I am not one to discuss politics, but as a South Carolinian, I have enjoyed following the race for the House seat in the First Congressional District. South Carolina has a rich history of controversial politicians from Strom Thurmond to Mark Sanford. Let me know what you think.
I very rarely delve into discussions about politics at home, with friends, or in the workplace. I believe one’s political views are personal, and I very rarely feel the need or desire to share these views with others. I’ve lived in South Carolina for all but 4 of the 38 years of my life, and I have seen the political machine at work for many years. From Strom Thurmond to Fritz Hollings in the US Senate to Carroll Campbell, Mark Sanford, and most recently Nikki Haley in the Governor’s office, South Carolinians have traditionally elected people who have worked to make our state a better place for all of us to live…for the most part. All of these leaders worked to carry out the wishes and desires of all South Carolinians even if that meant making unpopular decisions at times…like making video poker illegal. Thanks Jim Hodges!
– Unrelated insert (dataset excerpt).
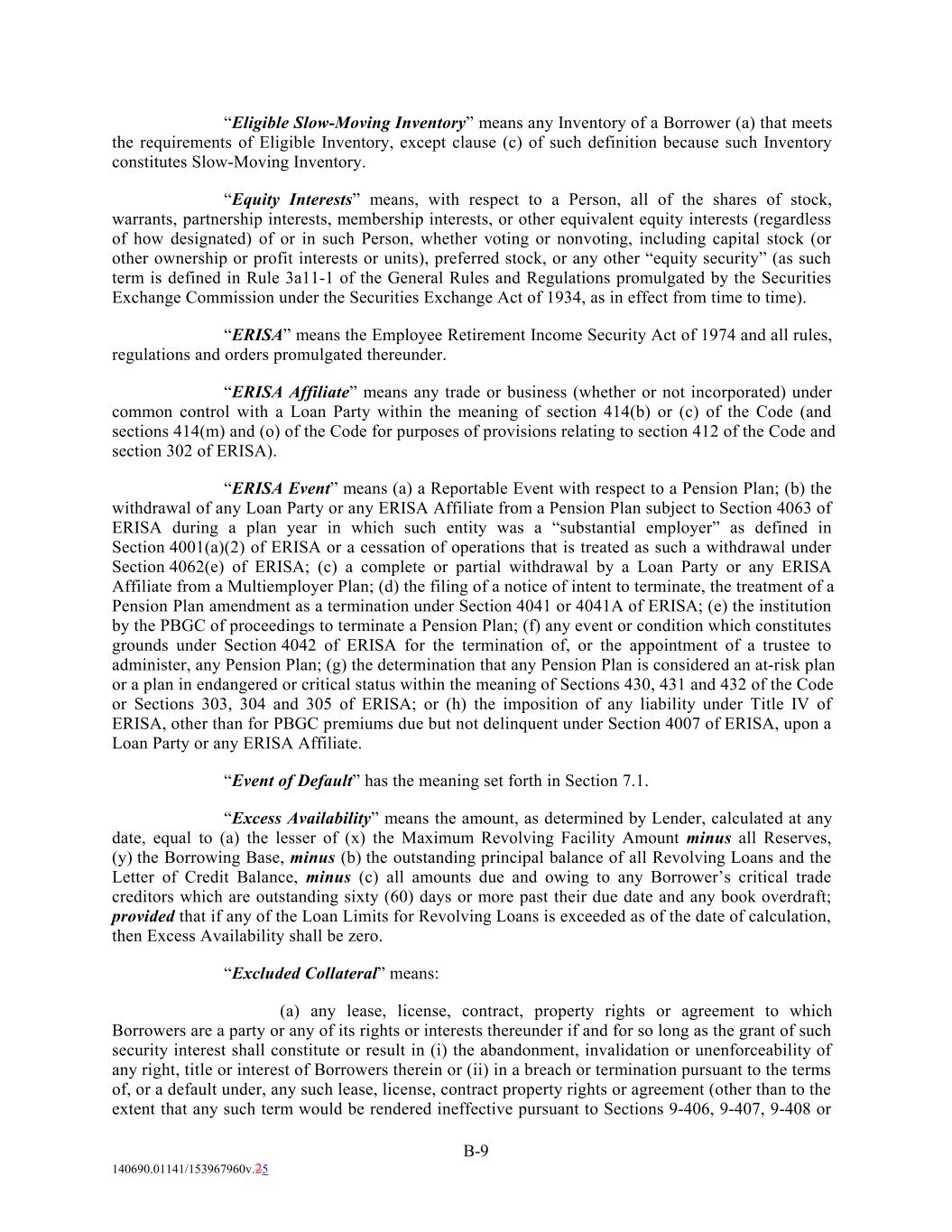 “Eligible Slow-Moving Inventory” means any Inventory of a Borrower (a) that meets the requirements of Eligible Inventory, except clause (c) of such definition because such Inventory constitutes Slow-Moving Inventory. “Equity Interests” means, with respect to a Person, all of the shares of stock, warrants, partnership interests, membership interests, or other equivalent equity interests (regardless of how designated) of or in such Person, whether voting or nonvoting, including capital stock (or other ownership or profit interests or units), preferred stock, or any other “equity security” (as such term is defined in Rule 3a11-1 of the General Rules and Regulations promulgated by the Securities Exchange Commission under the Securities Exchange Act of 1934, as in effect from time to time). “ERISA” means the Employee Retirement Income Security Act of 1974 and all rules, regulations and orders promulgated thereunder. “ERISA Affiliate” means any trade or business (whether or not incorporated) under common control with a Loan Party within the meaning of section 414(b) or (c) of the Code (and sections 414(m) and (o) of the Code for purposes of provisions relating to section 412 of the Code and section 302 of ERISA). “ERISA Event” means (a) a Reportable Event with respect to a Pension Plan; (b) the withdrawal of any Loan Party or any ERISA Affiliate from a Pension Plan subject to Section 4063 of ERISA during a plan year in which such entity was a “substantial employer” as defined in Section 4001(a)(2) of ERISA or a cessation of operations that is treated as such a withdrawal under Section 4062(e) of ERISA; (c) a complete or partial withdrawal by a Loan Party or any ERISA Affiliate from a Multiemployer Plan; (d) the filing of a notice of intent to terminate, the treatment of a Pension Plan amendment as a termination under Section 4041 or 4041A of ERISA; (e) the institution by the PBGC of proceedings to terminate a Pension Plan; (f) any event or condition which constitutes grounds under Section 4042 of ERISA for the termination of, or the appointment of a trustee to administer, any Pension Plan; (g) the determination that any Pension Plan is considered an at-risk plan or a plan in endangered or critical status within the meaning of Sections 430, 431 and 432 of the Code or Sections 303, 304 and 305 of ERISA; or (h) the imposition of any liability under Title IV of ERISA, other than for PBGC premiums due but not delinquent under Section 4007 of ERISA, upon a Loan Party or any ERISA Affiliate. “Event of Default” has the meaning set forth in Section 7.1. “Excess Availability” means the amount, as determined by Lender, calculated at any date, equal to (a) the lesser of (x) the Maximum Revolving Facility Amount minus all Reserves, (y) the Borrowing Base, minus (b) the outstanding principal balance of all Revolving Loans and the Letter of Credit Balance, minus (c) all amounts due and owing to any Borrower’s critical trade creditors which are outstanding sixty (60) days or more past their due date and any book overdraft; provided that if any of the Loan Limits for Revolving Loans is exceeded as of the date of calculation, then Excess Availability shall be zero. “Excluded Collateral” means: (a) any lease, license, contract, property rights or agreement to which Borrowers are a party or any of its rights or interests thereunder if and for so long as the grant of such security interest shall constitute or result in (i) the abandonment, invalidation or unenforceability of any right, title or interest of Borrowers therein or (ii) in a breach or termination pursuant to the terms of, or a default under, any such lease, license, contract property rights or agreement (other than to the extent that any such term would be rendered ineffective pursuant to Sections 9-406, 9-407, 9-408 or B-9 140690.01141/153967960v.25

Over the years, we have had the pleasure of allowing a number of misguided politicians fill leadership roles as well. A couple come to mind, but most recent award winners include former Lieutenant Governors Andre Bauer and Ken Ard. Bauer liked to drive fast, and Ard was charged with misappropriation of campaign funds. Some would say that Thurmond would fall into this group as well. Thurmond was a classic flip-flopper politician who once ran for President as a “Dixiecrat”, and was a Democrat and then a Republican starting in 1964. Talk about a politician who knew how to play to his constituency. Thurmond managed to stay in office until 2003 and was even accused by author Dave Barry in one of his columns of coloring his hair with Tang…you know the bright orange stuff.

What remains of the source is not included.